1. Number of input files
2. Input file size
3. Configuration parameters
The number of files in the input directory determines the number of maps to be run.
The application runs a map for each segment. Generally, each input file has an map split.
If the size of the input file exceeds the size of the HDFS block (128M), more than two map files are generated for the same input file.
The formula for calculating the number of maps is as follows:
splitsize=max(minimumsize, min(maximumsize, blocksize)).
If minimumsize and maximumsize are not set, the default value of splitsize is blocksize.
You need to know the value you set and set the value according to the actual situation.
The hive.exec.reducers.bytes.per.reducer parameter specifies the number of reducer to be processed by a job.
The value is the total size of input files. The default value is 1 GB.
The hive.exec.reducers.max parameter controls the maximum number of reducer. If the value of hive.exec.reducers.max is input / bytes per reduce > max, the number of reduce specified by this parameter is started. This does not affect the setting of the mapre.reduce.tasks parameter. The default value of max is 999.
If mapred.reduce.tasks is specified, Hive does not use its estimation function to automatically calculate the number of reduce.

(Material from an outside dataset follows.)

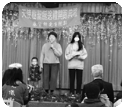
▲ 作者（右）於天使樹開跑分享見證。

Instead, Hive uses this parameter to start reducer. The default value is -1.
The setting of reduce has a great impact on the execution efficiency.
1. If the value of reduce is too small: If the data volume is large, the reduce may be abnormal. As a result, the task cannot be ended, and the reduce may be OOM.
2. If the value of reduce is too large: Too many small files are generated, resulting in high cost. The memory usage of NameNode increases.
If mapred.reduce.tasks is not specified, Hive automatically calculates the number of reducers.